**Extracted material:**
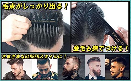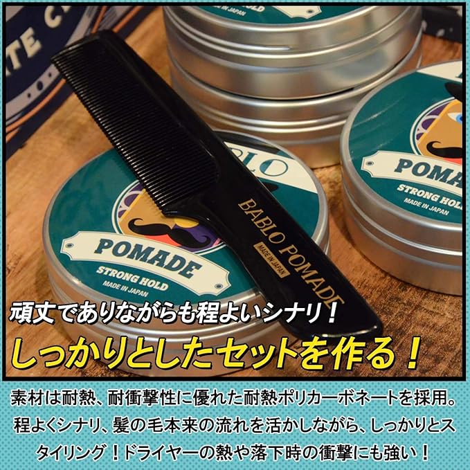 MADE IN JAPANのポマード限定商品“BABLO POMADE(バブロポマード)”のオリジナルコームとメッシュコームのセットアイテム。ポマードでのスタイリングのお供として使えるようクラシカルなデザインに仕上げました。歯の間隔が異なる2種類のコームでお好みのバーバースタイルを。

--

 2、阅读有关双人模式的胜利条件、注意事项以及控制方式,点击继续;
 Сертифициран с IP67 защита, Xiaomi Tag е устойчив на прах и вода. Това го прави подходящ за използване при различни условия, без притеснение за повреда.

**What is required:**
Please give an exact copy of the lines above, beginning with the line containing "2、阅读有关双人模式的胜利条件、注意事项以及控制方式,点击继续;" and running through the line containing "Сертифициран с IP67", and of no other lines.

**Task solution:**
 2、阅读有关双人模式的胜利条件、注意事项以及控制方式,点击继续;
 Сертифициран с IP67 защита, Xiaomi Tag е устойчив на прах и вода. Това го прави подходящ за използване при различни условия, без притеснение за повреда.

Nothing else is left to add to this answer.